Reputation: 87
I am trying to parse latex code from html code which looks like this:
string = " your answer is wrong! Solution: based on \((\vec{n_E},\vec{g})= 0 \) and \(d(g,E)=0\) beeing ... "
I want to replace all latex code with the output of a function that takes the latex code as an argument (Since there is a problem with finding the correct pattern, the function extract
returns an empty string for the moment).
I tried:
latex_end = "\)"
latex_start = "\("
string = re.sub(r'{}.*?{}'.format(latex_start, latex_end), extract, string)
Result:
your answer is wrong! Solution: based on \= 0 \) and \=0\) beeing ...
Expected:
your answer is wrong! Solution: based on and beeing ...
Any idea why it does not find the pattern? Is there a way to implement it?
Upvotes: 1
Views: 144
Reputation: 44128
You should use a raw string for your definition of string
since \v
is being interpreted as a special character.
import re
string = r" your answer is wrong! Solution: based on \((\vec{n_E},\vec{g})= 0 \) and \(d(g,E)=0\) beeing ... "
string = re.sub(r'\\\(.*?\\\)', '', string))
print(string)
Prints:
your answer is wrong! Solution: based on and beeing ...
If you need to have variables for the start and end:
latex_end = r"\\\)"
latex_start = r"\\\("
string = re.sub(r'{}.*?{}'.format(latex_start, latex_end), '', string)
print(string)
Upvotes: 1
Reputation: 642
This is because of backslashes serving as escape characters in Python. This makes handling these kinds of situations very tricky. The following are two quick ways of making this work:
import re
extract = lambda a: ""
# Using no raw components
string = " your answer is wrong!

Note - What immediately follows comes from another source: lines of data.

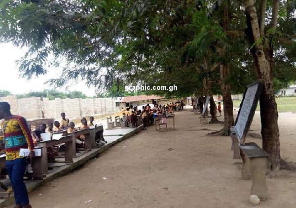 The over 400 pupils of the Meretwiso Basic School have been learning under trees and are also exposed to the vagaries of the weather and dangerous reptiles for two years now.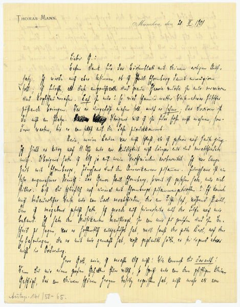 2 SS. Gr.-4to. Auf Briefpapier mit Briefkopf "Thomas Mann". An seinen Jugendfreund, den späteren Kunsthistoriker und Romanisten Otto Grautoff (1876-1937): "Lieber G.: Besten Dank für das Börsenblatt mit Deinem artigen Aufsatz [d. i. "Die Ex-libris-Sammlung des Grafen zu Leuningen-Westerburg" im Börsenblatt f. d. dt. Buchhandel 68 (1901), S. 1421-24]. Ich werde mich aber besinnen, ob ich Paul Ehrenberg damit ennuyiren soll; ich fürchte, all diese anspruchsvolle und graue Theorie würde ihn nur verwirren und kopfscheu machen. Laß ihn aus! Er wird schon in netter Weise etwas Hübsches zustande bringen. Was er ungefähr machen soll, muß er sehen; das Dociren ist da nicht am Platze. [Zwei Wörter getilgt] Übrigens will ich ihn fürs Erste nicht mahnen, sondern warten, bis er von selbst auf die Sache zurückkommt. - Nein, meine Laune war nicht schlecht, als ich gestern nach Hause ging. Ich hielt es kurz nach 11 Uhr nur vor Müdigkeit nicht länger aus und verabschiedete mich. Übrigens hatte ich Dich ja auf mein Verschwinden vorbereitet. Ich war lange Zeit mit Ehrenbergs, Junghans [der Kunstakademieschüler Julius Paul Junghanns] und den Amerikanern zusammen. Junghans ist ein sehr angenehmer Mensch: das Genre Paul Ehrenberg, soweit ich gesehen habe, nur viel stiller. Bist Du schließlich noch einmal mit Ehrenbergs zusammengetroffen? Ich konnte mich bedauerlicher Weise nur von Carl verabschieden, der am Tische saß, während Paul, den ich vergebens gesucht hatte, sich gerade auch seinerseits auf der Suche nach mir befand [.] Herr Gott, nein, ich verachte Dich nicht! Wie kommst Du darauf! Wenn Du mir einen großen Gefallen thun willst, so sprich nur von dem pfiffigen kleinen Geschöpf, das von Deinem schönen Herzen Besitz ergriffen hat, nicht mehr als von 'Deinem Mädel'. Denn erstens ist diese Bezeichnung ja nicht zutreffend und zweites wirkt sie auch gar zu zusammenziehend. Im Übrigen bin ich überzeugt, daß Du Dich kolossal falsch benommen hast. Die Franzosen sagen: Wenn der Deutsche graziös sein will, so springt er zum Fenster hinaus. Etwas Ähnliches gilt meistens auch von 'uns Todten', wenn wir 'erwachen', d. i. wenn wir einmal Menschen sein möchten. Meistens! Es gehört sehr viel Geschmack und Stilgefühl dazu, da nicht zu outriren, sich nicht zu verzerren. Na, Stil . es weiß eben nicht Jeder, was das ist: nicht einmal alle Mitarbeiter des Börsenblattes für den deutschen Buchhandel. Ehrlich: (und Du weißt das ja auch) Du machst mich nervös, wenn Du Fasching spielst, und schon darum bin ich froh, daß der Fasching vorüber ist. Nervös machtest Du mich zum Beispiel (und augenscheinlich nicht nur mich) durch das blöde Gekreisch, mit dem Du gestern im Café L[uitpold] Paul Ehrenberg empfingst. Es ist dumm und roh, zu glauben, daß dies, selbst in der Fastnacht, die richtige Art ist, ihm zu begegnen. Dir kann es ja gleichgültig sein, was er von Dir denkt, da hast Du Recht. Ich fürchte nur, daß er manchmal nicht weiß, was uns - Dich und mich - eigentlich verbindet. - Nichts für ungut übrigens! Wir haben schließlich Aschermittwoch. Und damit, daß am Sonntag der Carneval bei meiner Schwester [Julia Löhr] noch ein kleines Nachspiel haben soll, bin ich durchaus einverstanden [.]". Kl. Ein- und -ausrisse (ohne Textverlust). - Nach Grautoffs Tod im Pariser Exil erwarb der Verleger Kurt Leo Maschler (1898-1986) die Korrespondenzsammlung von dessen Witwe Erna Grautoff. Nach Maschlers Flucht aus Österreich 1938 wurde der zurückgelassene Bestand von der Gestapo der ÖNB überstellt und von dieser in deren Autographensammlung einsigniert (am unteren Rand die ÖNB-Signatur von 1939: Autogr. 141/58-65). 1949 wurde die Sammlung an Maschler rückgestellt (vgl. ÖNB, Allg. Verwaltungs- u. Korrespondenzakten 00/1949 A); erworben aus dem Nachlaß Maschler. - T. Mann, Briefe an Otto Grautoff 1894-1901 und Ida Boy-Ed 1903-1928, hg. von Peter de Mendelssohn (Frankfurt a. M. 1975), S. 133f. Die Briefe Thomas Manns. Regesten und Register. Bd. I. Briefe 1889-1933, bearb. und hg. von Hans Bürgin u. a. (Frankfurt a. M. 1976) 01/12. T. Mann, Große Frankfurter Ausgabe, Briefe I (1889-1913) (Frankfurt a. M. 2002), S. 156f.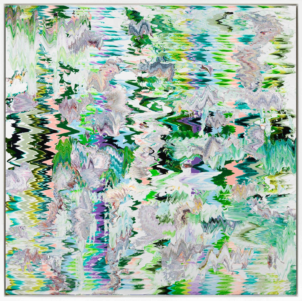 "Matrix" is an acrylic on canvas painting created by Robert Standish in 2023. The painting is signed, titled and dated on verso. The canvas size is 48 x 48" and the artwork is framed in a contemporary white frame. The artwork ships framed.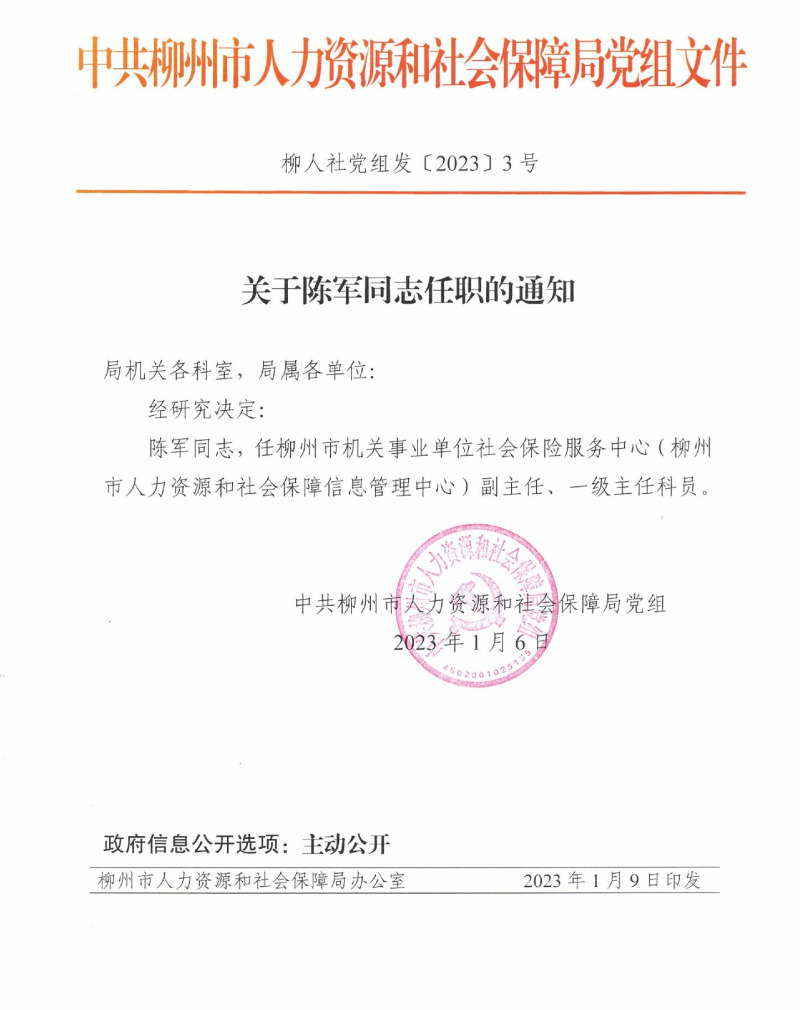 柳人社党组发〔2023〕3号 关于陈军同志任职的通知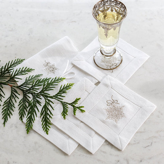 Ensemble de serviettes cocktail blanc flocon de neige (4)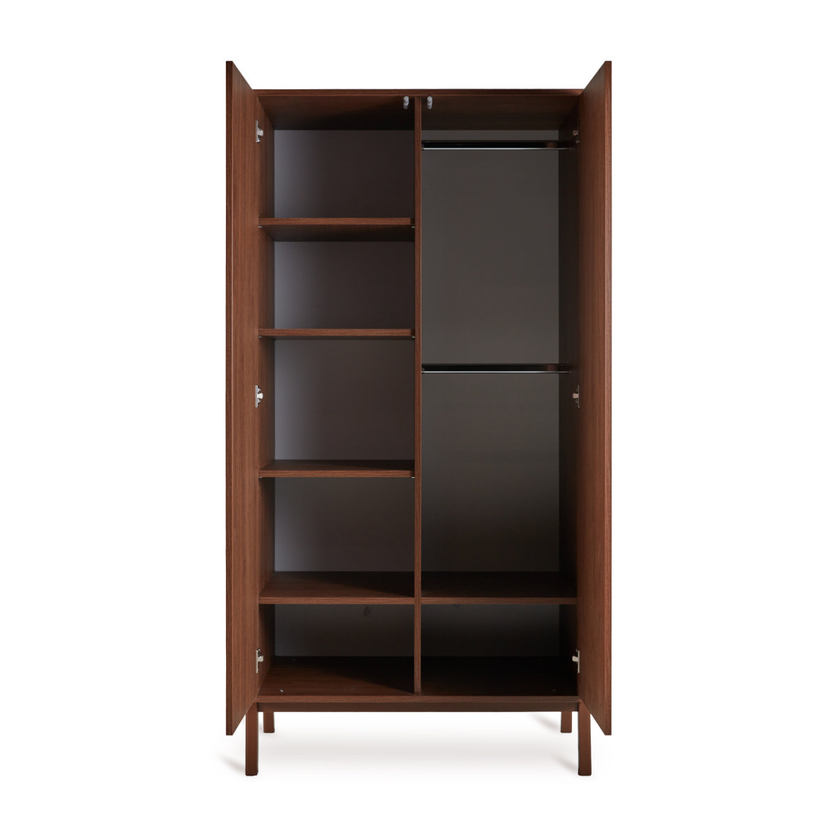 Der Ashi Kleiderschrank verbirgt hinter seinen stilvollen Türen ein ausgeklügeltes System aus Regalen und Kleiderstangen, das keine Wünsche bei der Aufbewahrung offen lässt.
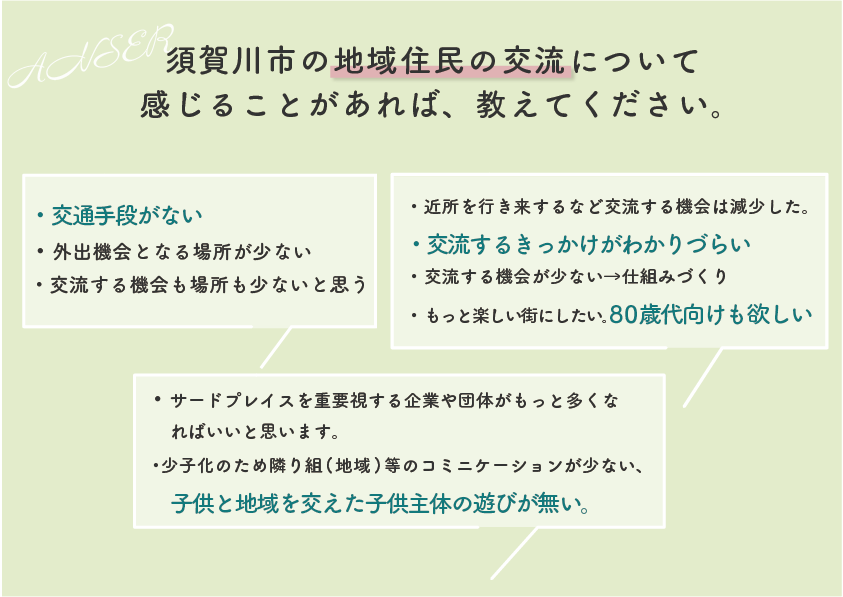 地域住民の皆さまにご協力いただき、須賀川市で暮らす方々の声を聞き、課題の再認識をいたしました。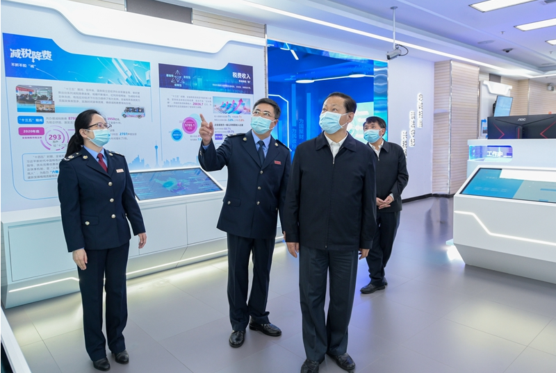 彭清华首先来到省税务局机关,参观“走进红色税收”川陕苏区税收文物陈列展,对省税务局用好红色资源开展党史学习教育,引导税务干部传承红色基因、激发奋进力量的做法给予肯定。他走进省税电指数办公室、四川税务大数据决策指挥中心,与干部职工亲切交谈,听取构建完善“经济景气度税电指数”指标体系辅助全省经济动态监测情况介绍,询问了解运用大数据手段开展税收政策效应分析、跟踪评估减免税等政策实施效果情况。他说,设立“税电指数”是我省一项开创性工作,凝聚着税务部门、电力部门的智慧和心血,对党委政府精准客观研判经济形势、实施经济决策管理和宏观调控、税务部门更好了解企业运行情况等起到了重要参考作用,要继续完善运行机制、统计口径和指标体系,不断提升监测经济运行的能力。

Solution: based on \((\vec{n_E},\vec{g})= 0 \) and \(d(g,E)=0\) beeing ... "
latex_bounds = ("\\\(", "\\\)\)")
print(re.sub('{}.*?{}'.format(*latex_bounds), extract, string))
# Using all raw components (backslashes mean nothing, but not really)
string = r"%s" % string
latex_bounds = (r"\\\(", r"\\\)")
print(re.sub(r'{}.*?{}'.format(*latex_bounds), extract, string))
Upvotes: 1